Nevertheless, several recurring barriers to adherence could be pinpointed, affecting various aspects of guideline implementation. The limited application of virtual chromoendoscopy, as well as endoscopic and histopathological staging systems, can be attributed to several factors, including high costs, the need for specialized training, and the perception that these techniques are more time-consuming than standard methods [17] [18]. Although narrow-band imaging (NBI) has demonstrated superior accuracy in detecting IM, with minimal additional time investment and improved cost-effectiveness, its adoption remains inconsistent [19] [20] [21]. Similarly, promising endoscopic staging systems such as the Kimura–Takemoto and EGGIM systems remain underutilized. The limited use of the Kimura–Takemoto system may be partly explained by regional disparities: while it is widely used in some East Asian countries, it is less common in other parts of the world [22]. The EGGIM score, introduced in 2016, is still relatively new, which may explain the limited familiarity with this staging system [20] [23]. These findings suggest that targeted educational initiatives and increased resource allocation could facilitate the broader adoption of these advanced endoscopic and histopathological techniques.
While overall biopsy protocol adherence has improved, challenges remain in standardization and documentation. Our results are consistent with, but slightly higher than, studies from 2023 and 2021 across three and 10 European centers, respectively [10] [24]. In the 2021 study, biopsies were taken in 56.6% of cases, with higher rates in MAPS-adherent centers (68.1%) than in those following the Sydney classification (46.0%) [24]. The second study reported a 68% compliance rate for random biopsies [10]; notably, in 8% of cases, biopsy location was undetermined. In our study, adherence to random biopsies increased in four centers, and adherence to incisura biopsies improved in six centers, with four centers achieving rates exceeding 90% by 2022/2023. This aligns with a 2018 Italian survey that also reported a 90% adherence rate to the MAPS biopsy protocol [9]. Additionally, adherence to obtaining biopsies from two sites improved in seven centers. Although high adherence to the biopsy protocols was observed, nonadherance in biopsy handling persisted, with some samples from different gastric regions being pooled together, instead of being placed in separate containers.
The location of GIM is crucial for surveillance recommendations, as it directly influences risk assessment. Additionally, GIM subtyping is of particular importance, as the incomplete subtype has been associated with a higher risk of progression to gastric cancer. Subtyping was successfully implemented, showing notable improvement in five centers; however, in the remaining four centers, its usage remained below 1%. These gaps are more likely due to a lack of routine endoscopic and pathological implementation, rather than financial or training constraints, as research indicates that subtyping is relatively simple, requires minimal cost and effort, and is well within the capabilities of trained pathologists [25] [26] [27].
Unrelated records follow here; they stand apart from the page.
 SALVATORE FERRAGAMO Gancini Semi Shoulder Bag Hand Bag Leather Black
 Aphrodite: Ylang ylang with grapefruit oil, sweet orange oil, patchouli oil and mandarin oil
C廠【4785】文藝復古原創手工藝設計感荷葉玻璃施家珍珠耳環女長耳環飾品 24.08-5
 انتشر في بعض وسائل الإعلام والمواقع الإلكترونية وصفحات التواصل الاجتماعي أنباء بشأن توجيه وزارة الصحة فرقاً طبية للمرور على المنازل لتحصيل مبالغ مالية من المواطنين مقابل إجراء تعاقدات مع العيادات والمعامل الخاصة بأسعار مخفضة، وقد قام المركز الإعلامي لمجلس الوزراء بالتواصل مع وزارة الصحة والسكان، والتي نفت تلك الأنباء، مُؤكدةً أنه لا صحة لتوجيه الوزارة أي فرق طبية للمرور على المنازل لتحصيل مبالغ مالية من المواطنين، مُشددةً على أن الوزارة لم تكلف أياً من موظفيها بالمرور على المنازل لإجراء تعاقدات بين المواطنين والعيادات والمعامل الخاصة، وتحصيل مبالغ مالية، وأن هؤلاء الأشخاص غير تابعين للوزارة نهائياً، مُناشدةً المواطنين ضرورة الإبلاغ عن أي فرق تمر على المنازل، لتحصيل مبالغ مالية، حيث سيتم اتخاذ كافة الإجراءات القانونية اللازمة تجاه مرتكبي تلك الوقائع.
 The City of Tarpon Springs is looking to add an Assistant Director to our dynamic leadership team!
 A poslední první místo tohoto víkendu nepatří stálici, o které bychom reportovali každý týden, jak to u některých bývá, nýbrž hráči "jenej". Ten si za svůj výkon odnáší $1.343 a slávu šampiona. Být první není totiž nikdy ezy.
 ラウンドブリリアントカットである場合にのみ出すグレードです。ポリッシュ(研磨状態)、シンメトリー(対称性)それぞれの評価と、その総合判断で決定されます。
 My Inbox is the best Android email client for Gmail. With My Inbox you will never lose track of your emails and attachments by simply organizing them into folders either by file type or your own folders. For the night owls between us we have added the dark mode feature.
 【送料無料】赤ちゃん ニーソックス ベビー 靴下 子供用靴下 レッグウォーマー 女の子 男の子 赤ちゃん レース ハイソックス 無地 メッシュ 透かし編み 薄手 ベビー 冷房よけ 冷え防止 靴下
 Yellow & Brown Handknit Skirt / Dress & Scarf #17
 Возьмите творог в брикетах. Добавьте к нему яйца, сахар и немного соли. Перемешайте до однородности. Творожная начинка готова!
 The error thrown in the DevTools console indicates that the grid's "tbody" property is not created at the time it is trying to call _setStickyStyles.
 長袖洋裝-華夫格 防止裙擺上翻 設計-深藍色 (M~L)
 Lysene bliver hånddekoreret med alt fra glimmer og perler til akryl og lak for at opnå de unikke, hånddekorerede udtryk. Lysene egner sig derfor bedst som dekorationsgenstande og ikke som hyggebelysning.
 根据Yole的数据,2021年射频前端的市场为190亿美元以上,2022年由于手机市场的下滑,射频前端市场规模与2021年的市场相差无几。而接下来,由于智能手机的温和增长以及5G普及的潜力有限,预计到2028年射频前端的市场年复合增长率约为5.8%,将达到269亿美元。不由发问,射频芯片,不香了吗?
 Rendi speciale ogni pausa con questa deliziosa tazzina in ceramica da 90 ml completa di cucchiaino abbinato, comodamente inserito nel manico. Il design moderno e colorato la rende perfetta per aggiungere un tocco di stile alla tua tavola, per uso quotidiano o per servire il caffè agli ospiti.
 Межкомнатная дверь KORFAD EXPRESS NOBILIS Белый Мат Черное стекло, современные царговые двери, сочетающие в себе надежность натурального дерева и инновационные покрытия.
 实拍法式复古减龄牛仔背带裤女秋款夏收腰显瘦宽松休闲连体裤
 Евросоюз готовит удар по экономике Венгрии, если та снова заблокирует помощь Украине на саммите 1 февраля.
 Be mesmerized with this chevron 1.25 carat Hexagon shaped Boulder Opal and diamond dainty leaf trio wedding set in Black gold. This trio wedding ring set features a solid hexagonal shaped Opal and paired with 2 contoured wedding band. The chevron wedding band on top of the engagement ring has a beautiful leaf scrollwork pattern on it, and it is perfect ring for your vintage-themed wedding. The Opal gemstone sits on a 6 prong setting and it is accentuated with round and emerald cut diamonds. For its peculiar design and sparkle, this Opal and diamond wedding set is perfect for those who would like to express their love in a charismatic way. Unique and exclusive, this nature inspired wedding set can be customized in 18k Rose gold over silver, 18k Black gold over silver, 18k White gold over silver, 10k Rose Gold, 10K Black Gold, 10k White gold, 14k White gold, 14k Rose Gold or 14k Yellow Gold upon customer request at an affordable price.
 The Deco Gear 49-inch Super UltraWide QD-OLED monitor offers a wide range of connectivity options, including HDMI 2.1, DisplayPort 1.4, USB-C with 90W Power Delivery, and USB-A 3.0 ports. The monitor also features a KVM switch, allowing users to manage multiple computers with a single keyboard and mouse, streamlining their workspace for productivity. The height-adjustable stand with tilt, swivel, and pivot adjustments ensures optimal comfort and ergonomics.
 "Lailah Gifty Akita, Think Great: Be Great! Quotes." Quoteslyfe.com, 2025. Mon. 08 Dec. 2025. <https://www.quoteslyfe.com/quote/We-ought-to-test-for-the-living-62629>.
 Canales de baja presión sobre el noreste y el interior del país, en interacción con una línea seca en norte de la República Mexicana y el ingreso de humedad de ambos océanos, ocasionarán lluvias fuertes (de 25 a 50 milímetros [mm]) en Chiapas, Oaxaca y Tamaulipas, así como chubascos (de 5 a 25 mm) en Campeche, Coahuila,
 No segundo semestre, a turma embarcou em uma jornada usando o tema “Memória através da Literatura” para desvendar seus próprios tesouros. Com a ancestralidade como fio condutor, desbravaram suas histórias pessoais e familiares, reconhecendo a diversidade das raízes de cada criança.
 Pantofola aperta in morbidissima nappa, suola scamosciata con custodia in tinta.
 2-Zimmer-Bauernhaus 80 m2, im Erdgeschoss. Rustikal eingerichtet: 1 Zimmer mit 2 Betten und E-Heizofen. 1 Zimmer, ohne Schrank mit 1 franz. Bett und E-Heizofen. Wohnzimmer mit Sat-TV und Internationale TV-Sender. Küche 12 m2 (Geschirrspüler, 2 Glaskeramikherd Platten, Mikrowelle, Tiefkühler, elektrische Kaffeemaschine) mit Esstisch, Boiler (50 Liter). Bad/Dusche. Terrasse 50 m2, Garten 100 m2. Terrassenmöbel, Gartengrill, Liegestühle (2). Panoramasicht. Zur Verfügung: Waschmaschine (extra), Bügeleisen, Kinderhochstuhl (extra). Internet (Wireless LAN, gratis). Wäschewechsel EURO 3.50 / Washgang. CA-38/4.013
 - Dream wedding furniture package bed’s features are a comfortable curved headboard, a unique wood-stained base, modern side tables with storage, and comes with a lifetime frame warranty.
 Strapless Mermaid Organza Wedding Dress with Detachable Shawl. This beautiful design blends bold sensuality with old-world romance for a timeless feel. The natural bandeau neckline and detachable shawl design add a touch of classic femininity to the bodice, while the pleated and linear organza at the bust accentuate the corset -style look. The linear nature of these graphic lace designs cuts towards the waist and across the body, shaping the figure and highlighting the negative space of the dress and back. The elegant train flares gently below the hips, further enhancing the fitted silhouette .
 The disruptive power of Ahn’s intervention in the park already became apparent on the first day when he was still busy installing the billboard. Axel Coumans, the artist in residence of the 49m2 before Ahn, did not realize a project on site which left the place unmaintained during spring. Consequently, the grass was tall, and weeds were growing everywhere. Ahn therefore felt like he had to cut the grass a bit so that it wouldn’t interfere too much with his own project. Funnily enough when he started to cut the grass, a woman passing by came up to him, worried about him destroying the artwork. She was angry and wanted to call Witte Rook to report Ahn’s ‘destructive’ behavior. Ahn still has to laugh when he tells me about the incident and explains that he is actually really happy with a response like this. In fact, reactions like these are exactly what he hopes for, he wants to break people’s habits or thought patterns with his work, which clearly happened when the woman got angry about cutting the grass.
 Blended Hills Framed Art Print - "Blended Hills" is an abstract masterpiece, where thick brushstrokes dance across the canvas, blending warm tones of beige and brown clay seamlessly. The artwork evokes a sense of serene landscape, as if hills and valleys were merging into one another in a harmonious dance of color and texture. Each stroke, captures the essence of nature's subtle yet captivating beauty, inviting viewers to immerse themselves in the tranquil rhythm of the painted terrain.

Surveillance endoscopy, critical for early gastric cancer detection, increased in four out of seven centers, but adherence rates stayed suboptimal. Similar trends were seen in a study from the UK and the Netherlands, which showed that adequate surveillance was applied in only 54.3% of patients with GIM or gastric atrophy [10]. Adherence to follow-up guidelines may be hindered by several factors, including poor communication about the importance of surveillance, limited access to endoscopic services, and patient-related barriers such as noncompliance or logistical challenges. Additionally, it is still unclear whether gastroenterologists consistently understand and apply the recommended surveillance intervals. Awareness of key gastric cancer risk factors – such as country of origin, autoimmune gastritis, and family history – may also be lacking, potentially leading to suboptimal risk stratification and surveillance recommendations.
To our knowledge, this is the first study to evaluate adherence to the recommendations included in the MAPS guidelines, covering both histopathological and upper GI endoscopic protocols. Although our study focuses on MAPS guideline adherence, rather than treatment outcomes for the patients, the existing literature clearly shows that following endoscopic and histopathological protocols improves early detection of preneoplastic conditions, ultimately reducing gastric cancer mortality [10] [25]. The observed improvements in adherence are a crucial step toward better healthcare, though the direct clinical impact requires further investigation.
Several limitations to our study should be noted. Variability in data availability and sample sizes may have influenced our analysis. Additionally, two centers lacked data for 2010/2011 and, although they demonstrated high adherence rates during the other two periods, they could not be included in the analysis comparing pre- and post-MAPS. Moreover, self-reported adherence could have resulted in either an over- or underestimation. Potential variability in endoscopist practices within centers may also have influenced adherence, differing by indication, with surveillance endoscopists likely more trained and motivated than those in dyspepsia settings.
The nine included centers may not fully represent European healthcare settings – one of the centers for example was located in Eastern Europe – which may limit generalizability. Our findings might not fully reflect adherence behaviors or clinical challenges in areas with different disease prevalences or healthcare infrastructures. However, the inclusion of centers with similar findings despite having lower prevalences of gastric precancerous conditions suggests that prevalence may not play a significant role in adherence to guidelines. Differences in data collection methods and unmeasured factors, such as healthcare policies and patient demographics, may also have affected adherence levels.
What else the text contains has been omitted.